Virginia Lawyers Weekly//August 7, 2023
Virginia Lawyers Weekly//August 7, 2023//
Where the government alleged a company’s general manager was liable for unpaid overtime wages, based centrally on the extent of her involvement in management of employees, her involvement in hiring and her authority to set the rates of pay, but that claim was either unsupported by admissible evidence or flatly contradicted by evidence in the record, the general manager was not liable.
The United States Department of Labor, or DOL, brings this action for unpaid overtime wages under the Fair Labor Standards Act, or FLSA, against Serenity Home Healthcare LLC, and three related business entities, Hildigard Ofori, the sole owner of the four companies, and Arafat Sheikhadam, the companies’ general manager. The DOL has filed a motion for summary judgment on all claims against all defendants.
Based on the undisputed facts and the defendants’ admissions, the court concludes as a matter of law that defendants failed to pay overtime pay and that their failure was willful and not in good faith. Accordingly, judgment for the required overtime pay and an equal amount for liquidated damages will be entered against Serenity and Ofori in an amount, as discussed below.
The DOL, however is not entitled to summary judgment against Sheikhadam. The DOL contends that Sheikhadam is an “employer” based centrally on the extent of her involvement in Serenity’s overall business operations, including her management of employees, her involvement in hiring and her authority to set the rates of pay. But that claim is either unsupported by admissible evidence or flatly contradicted by evidence in the record.
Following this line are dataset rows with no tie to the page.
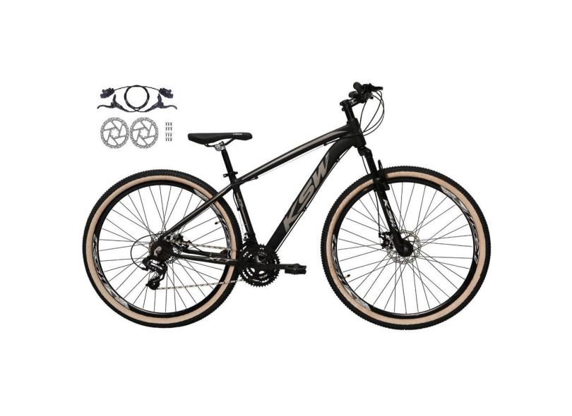 Bicicleta Aro 29 Ksw Xlt 24v Freios a Disco Hidráulicos Garfo Suspensão Pneu com Faixa Bege - Preto/Prata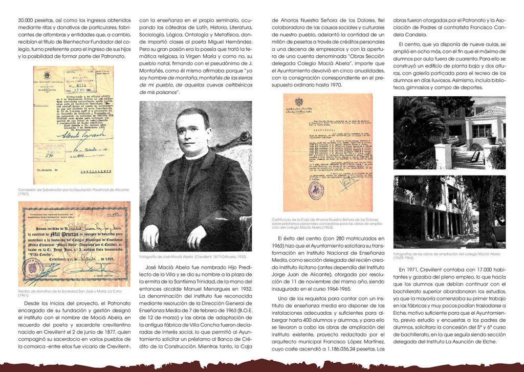En esta publicación y gracias a la gran cantidad de documentación perteneciente a los primeros años del Instituto Maciá Abela, la archivera municipal, Bibiana Candela, ha realizado un recorrido desde su creación, hasta su ubicación actual, haciendo especial incapié en las obras realizadas en el centro original, adquirido por el Ayuntamiento a los herederos de José Manuel Magro, y donde estuvo la famosa fábrica de las medias, todo ello con fotografías inéditas que muestran la adaptación de este recinto para instituto, al que acudían también los jóvenes de localidades cercanas.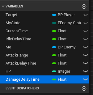 피격 후 대기시간이 필요하기 때문에 BP_EnemyFSM에서 AttackDelayTime을 복제하여 DamageDelayTime을 만들었다.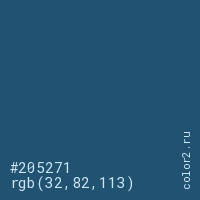 Цвет #205271 в цветовой модели RGB обозначается тремя октетами (32, 82, 113) в десятичном формате и #205271 в шестнадцатиричном (hex) формате, которые являются интенсивностью красного 32 (hex 20), интенсивность зелёного 82 (hex 52) и интенсивность синего 113 (hex 71).
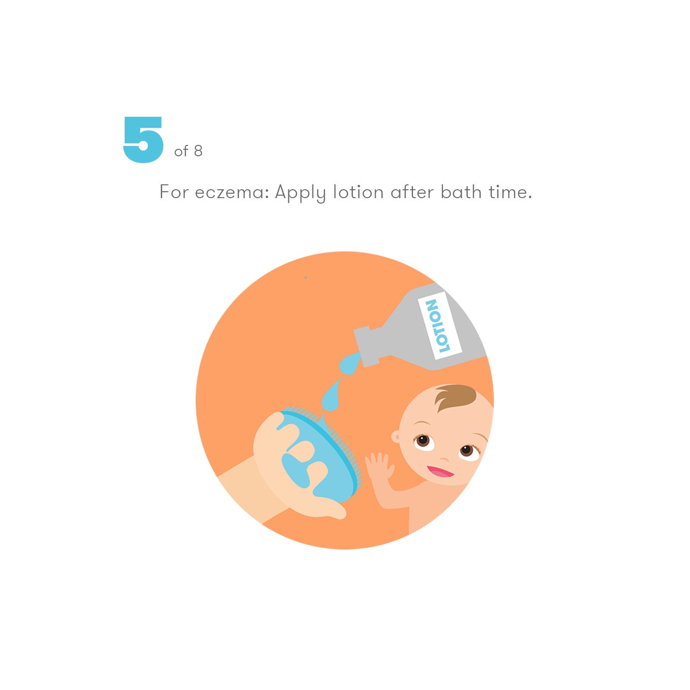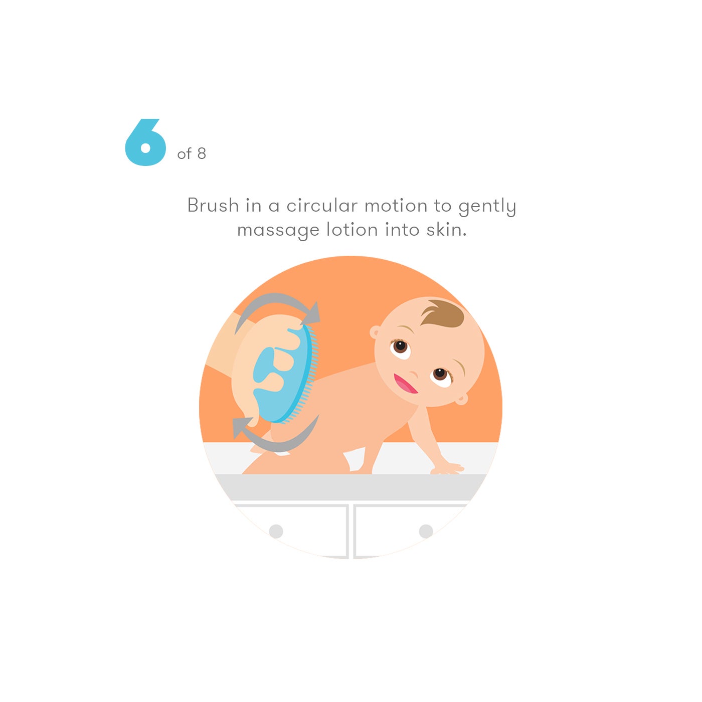 For eczema: Use brush in a circular motion to gently massage lotion into skin.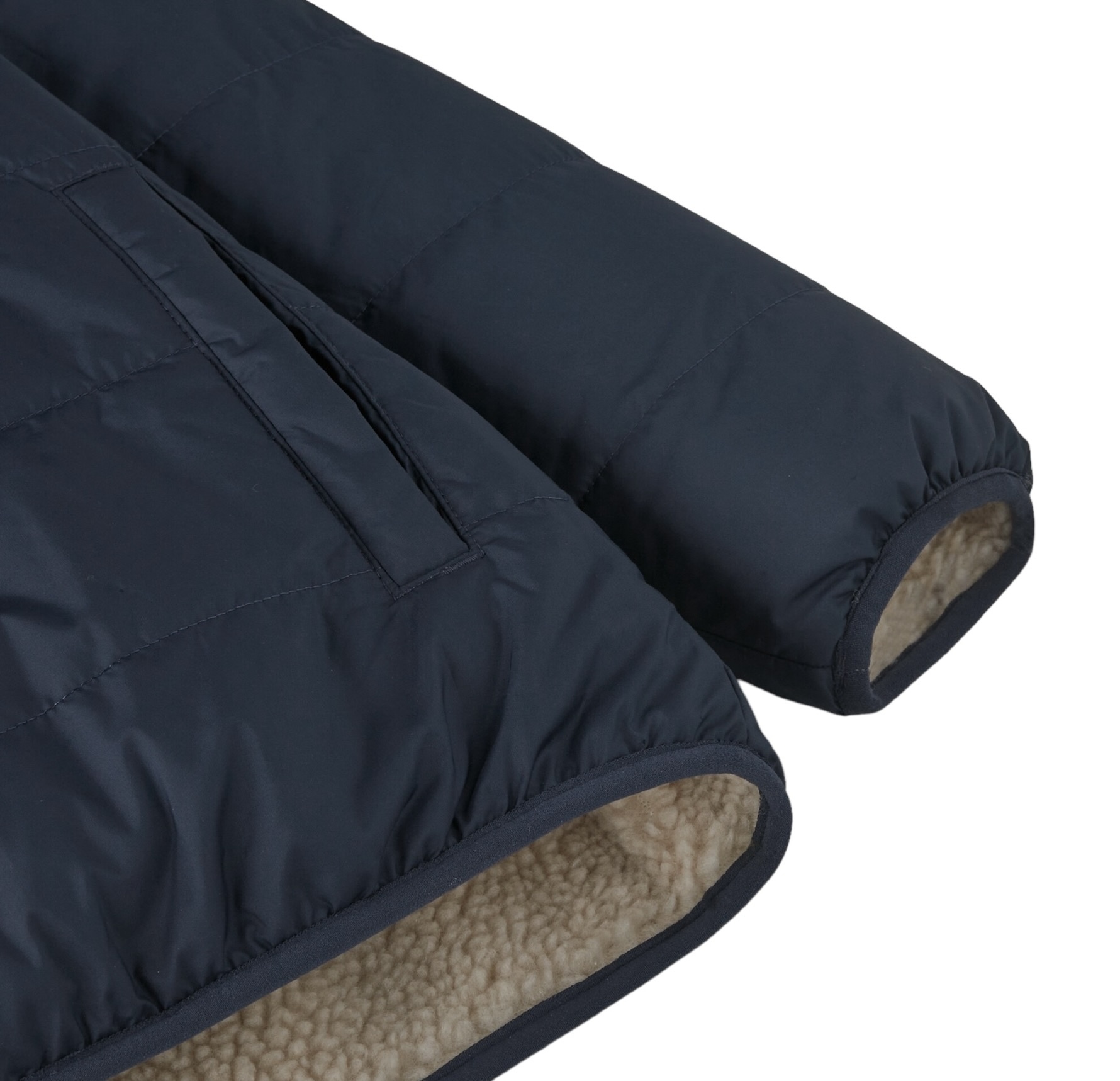 Modèle réversible doté d’une matière extérieure résistante à l’eau en taffetas 100% polyester recyclé ; isolation Thermogreen™ en polyester recyclé, maintenue par matelassage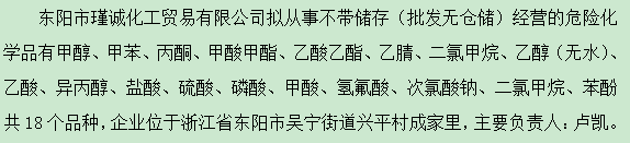 东阳市瑾诚化工贸易有限公司拟从事不带储存(批发无仓储)经营的危险化学品有甲醇、甲苯、丙酮、甲酸甲酯、乙酸乙酯、乙腈、二氯甲烷、乙醇(无水)、乙酸、异丙醇、盐酸、硫酸、磷酸、甲酸、氢氟酸、次氯酸钠、二氯甲烷、苯酚共18个品种,企业位于浙江省东阳市吴宁街道兴平村成家里,主要负责人:卢凯。

The DOL has requested that an injunction be entered against the defendants. In opposing that request, defendants only make the conclusory contention that the DOL has not met its burden to demonstrate that an injunction is necessary.
Serenity and Ofori have admitted their willful violations of their obligation to pay overtime as well as their failure in violation of 29 USC § 211(c) and applicable regulations to maintain records that that accurately reflect the premium pay for overtime hours. The DOL has also presented evidence that Serenity took steps to conceal their failure to pay overtime wages and in that regard, has represented, without challenge, that based on its review of defendants’ records, Serenity, in an attempt to appear in compliance with their obligation to pay overtime, has manipulated its employees’ rates of pay so that the total amount paid to an employee remains the same as it was when they were not paying overtime.
Further, the DOL argues that the harm from an injunction to the defendants is minimal because an injunction only requires the defendant to comply with the law and there is a strong public interest in having employees compensated properly under the law. Based on all the facts and circumstances presented, the court finds that an injunction is warranted to prevent further violations of the FLSA.
The parties dispute the applicable period for which DOL can recover overtime pay and liquidated damages. That issue revolves around the enforceability vel non of a tolling provision in a tolling agreement the parties signed on May 17, 2022. The court adopts defendants’ interpretation. Accordingly the defendants are liable for damages only for the three-year statutory period preceding the filing of the complaint on July 15, 2022.
Defendants have not challenged the computation of damages; and after a review of the government’s submission, the court finds that the estimation of damages is reasonable and sufficiently based on a reliable methodology. For this reason, the court finds that the government is entitled to compensatory damages from the liable defendants, jointly and severally, in the amount of $723,761.40, and for an equal amount of liquidated damages, for a total amount of $1,447,522.80.
Ofori and Sheikhadam have both filed a notice of bankruptcy. The court will enter judgment against Ofori as the government’s action in this case is exempt from the automatic stay in the bankruptcy code. However, the government will be directed to refrain from executing on that judgment unless leave is obtained from the bankruptcy court. The equitable relief that will issue in this case will only enjoin future violations of the FLSA and will not allow for the immediate enforcement of the monetary judgment against the defendants.
Plaintiff’s motion for summary judgment granted in part, denied in part.
United States Department of Labor v. Serenity Home Healthcare LLC, Case No. 1:22-cv-803, July 14, 2023. EDVA at Alexandria (Trenga). VLW 023-3-400. 15 pp.